Многие страницы были испещрены строками, густо вымаранными красными чернилами, иные перекрещены целиком. Казалось, рукопись кровоточила.
— Типографии вольные у нас дозволены, — продолжал Кречетов, — но то, что печатается в сей вольной типографии, стоит под гнусною опекою.
— Вижу, цензура вам очень досадила?
— А кому она не досадила? Один переводчик мне сказывал, что, следуя автору, назвал он в переводе любовь лукавым богом. Цензор вымарал. «Неприлично, говорит, божество называть лукавым».
— У нас боятся допустить богохульство, а от страха люди глупеют.
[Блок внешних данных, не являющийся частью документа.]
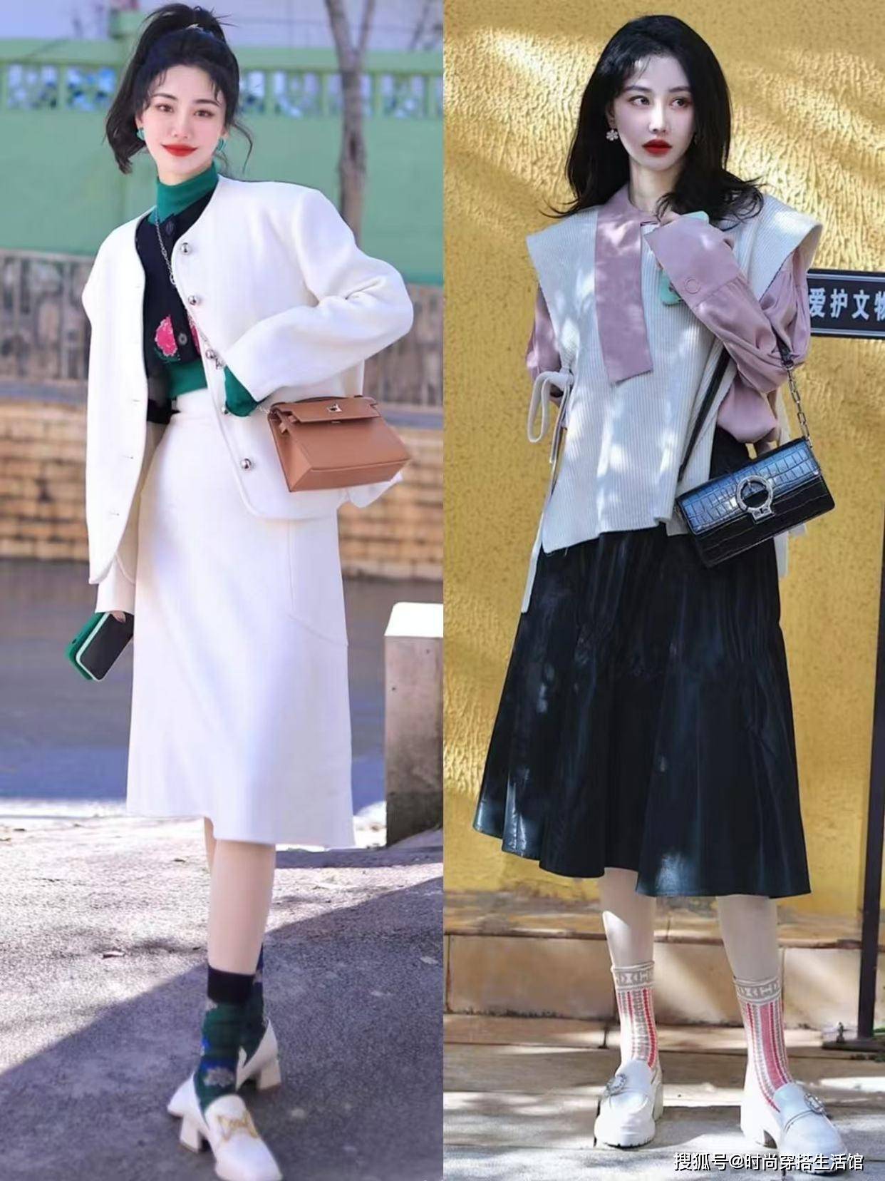 最后秋冬季节穿裙子自然少不了乐福鞋,毕竟乐福鞋的主要特征就是优雅又复古,完全不挑年龄和场合,超级适合出门逛街、约会和聚会的场合穿。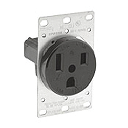 50A, 125V NEMA 5-50R, 2 pole, 3 wire, flush mounting receptacle, straight blade, industrial grade, grounding, side wired, steel strap, black.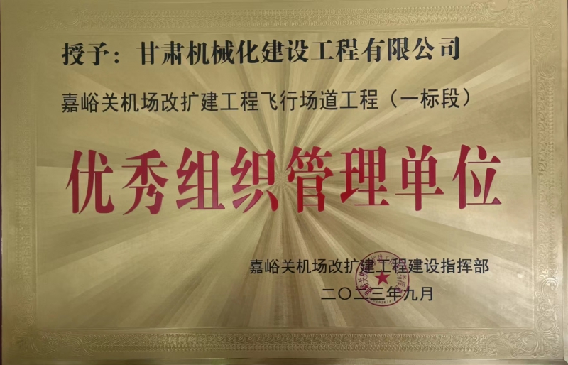 嘉峪關(guān)機場改擴建工程飛行場道工程 (一標段)優(yōu)秀組織管理單位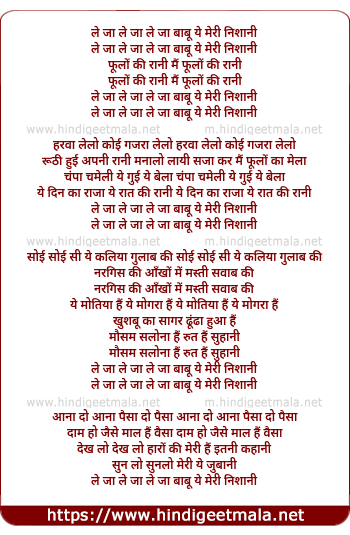 Lyrics of Le Ja Le Ja Babu Ye Meri Nishani - ले जा ले जा बाबू ये मेरी निशानी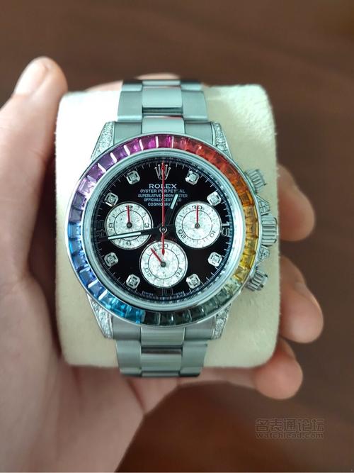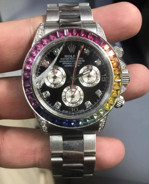 This Daytona is a masterpiece. The white gold case feels premium, and the rainbow bezel catches light beautifully.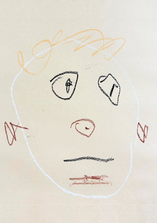 私(母)の顔を初めて描いてくれました。普段めがねをかけているので、「がんばって、めがねかいた」と言ってくれました。めがねがちゃんと耳にかけてあり、よく観察しているなぁと感心し、今回応募しました。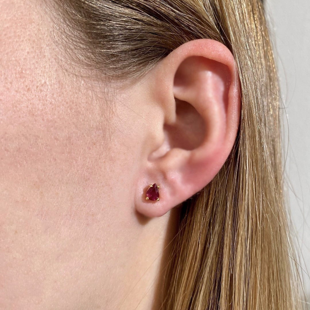 Diese Ohrstecker aus 750er Gelbgold sind mit insgesamt 1,18ct Rubin im Tropfenschliff besetzt. Die Rubine sind klassisch in einer 4-Krappenfassung gehalten, die ihre charakteristische Farbe und den feinen Glanz optimal zur Geltung bringt. Der warme Goldton bildet einen stimmigen Kontrast zum intensiven Rot der Steine. Rubine gelten seit jeher als Ausdruck von Lebenskraft und innerer Stärke – ihre symbolische Bedeutung macht diese Ohrstecker zu einem ausdrucksvollen Geschenk für besondere Momente. Zeitlos und präzise gearbeitet, lassen sie sich sowohl im Alltag als auch zu festlichen Anlässen vielseitig tragen.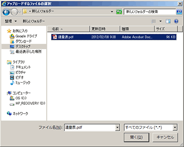 「アップロード」をクリックします。 複数のファイルを一度にアップロードする場合は、ZIP・LZH・Stuffitなどに圧縮してください。 ※ファイル名はできるだけ短くし、記号は使用しないで下さい。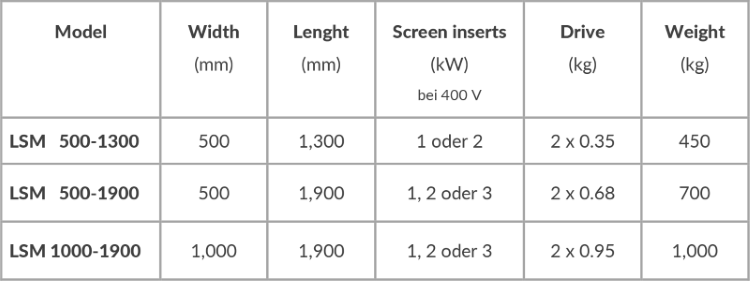The LSM can be equipped with three stacked screen inserts resulting in four screen cuts. A wide range of different screen inserts are available.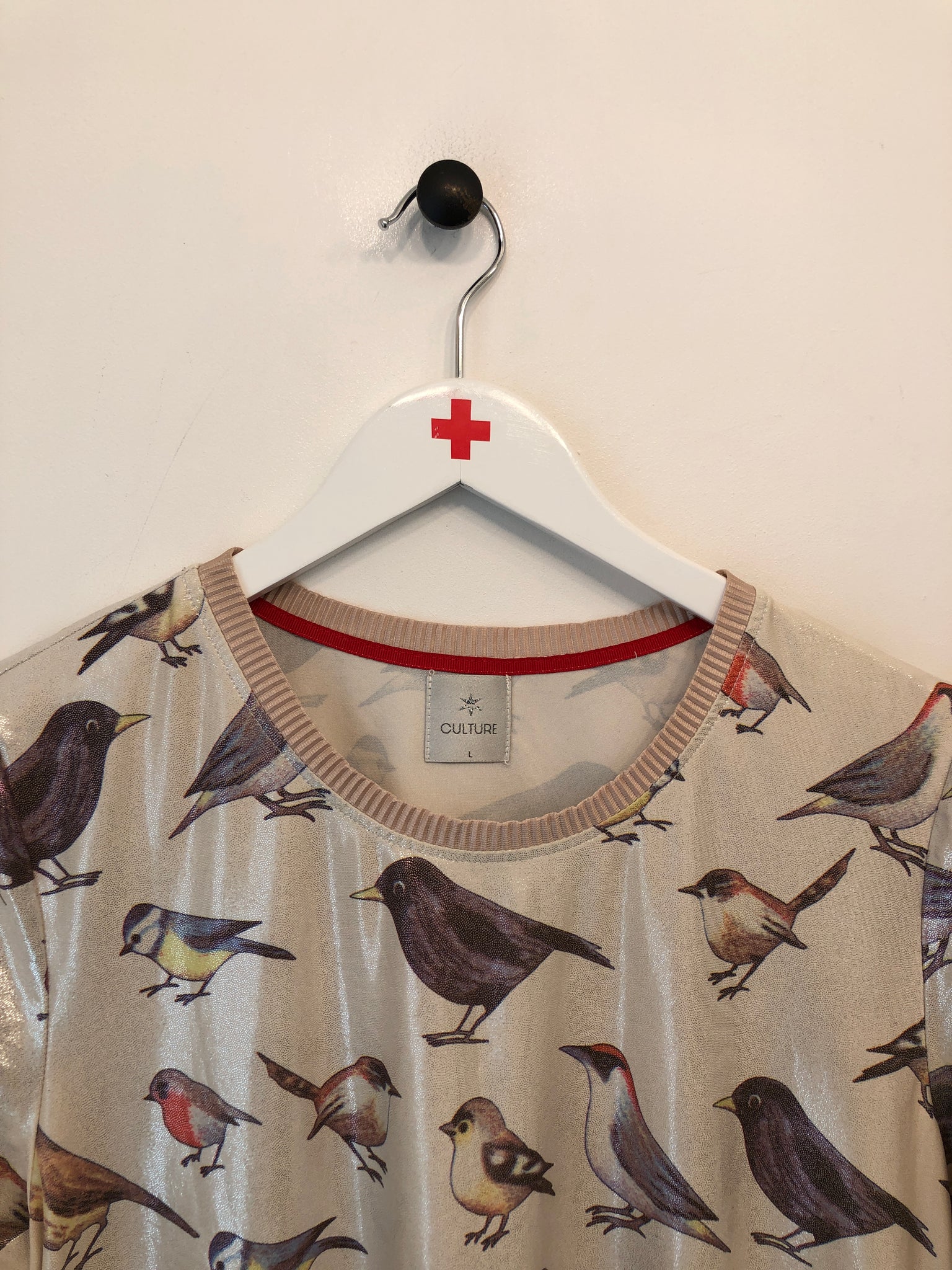 Da vi sælger brugt tøj, der er blevet vasket, kan vi ikke garantere, at størrelsesangivelsen ligger inden for en standardskala.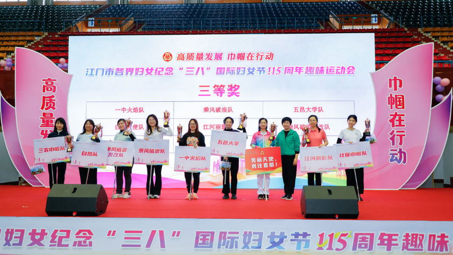 3月6日,市农业农村局女职工组成“三农”巾帼队参加由市妇联、市直机关工委联合举办的“高质量发展 巾帼在行动”江门市各界妇女纪念“三八”国际劳动妇女节115周年趣味运动会。活动中“三农”巾帼队员们团结协作,奋力拼搏,以自信的姿态展现了“三农”巾帼的时代风采,在66支参赛队伍中奋勇争先,荣获团体三等奖的好成绩。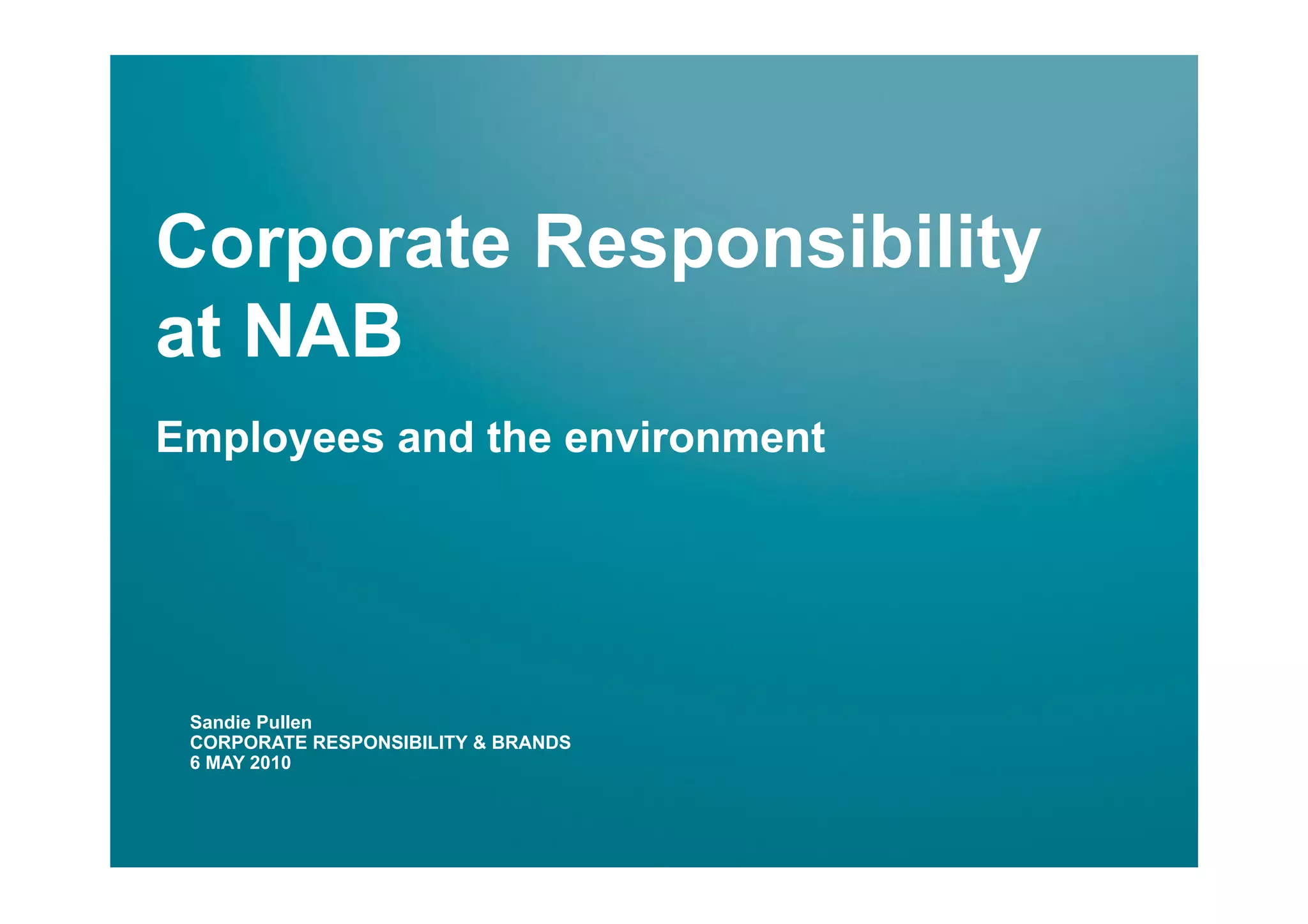 This document discusses NAB's corporate responsibility efforts, with a focus on environmental initiatives. It describes NAB's definition of corporate responsibility as doing business in a way that considers stakeholders and long-term economic, social, and environmental impacts. It outlines NAB's core commitments to customers, employees, society, and the environment. The document then focuses on NAB's efforts to engage employees in environmental sustainability, including establishing a green team community, initiatives to reduce the company's carbon footprint and employees' impacts, and efforts to monitor awareness and engagement like an annual survey. It provides lessons learned around dedicating resources, effective communication, and recognizing employee contributions.

Набережная была пустынна, но Кречетов все же оглянулся вокруг и только потом заговорил:
— Правительства не богохуления боятся, но боятся сами иметь порицателей. Кто не щадит бога, разумеют они, тот не пощадит и власти. Так я полагаю.
У Литейного моста Александр Николаевич распрощался с Кречетовым; тот побежал своей торопливой походкой через мост на Выборгскую, Радищев повернул на Литейный проспект.
23
Радищева всегда поражала способность человека не замечать совершенно очевидных вещей, не видеть того, что находится прямо перед глазами.
Более того, однажды он убедился, что и сам не является исключением.
Несчетное число раз он наблюдал закат, восхищался его красотою. Из физики знал, что солнечный свет состоит из спектральных цветов, и все же закатное солнце всегда виделось ему одноцветно–багровым или пурпурным.
Одним вечером рядом случился художник.
— Какой сегодня чудесный зеленый свет в солнце! — восторгался художник.
— Зеленый? В солнце? — удивился Радищев.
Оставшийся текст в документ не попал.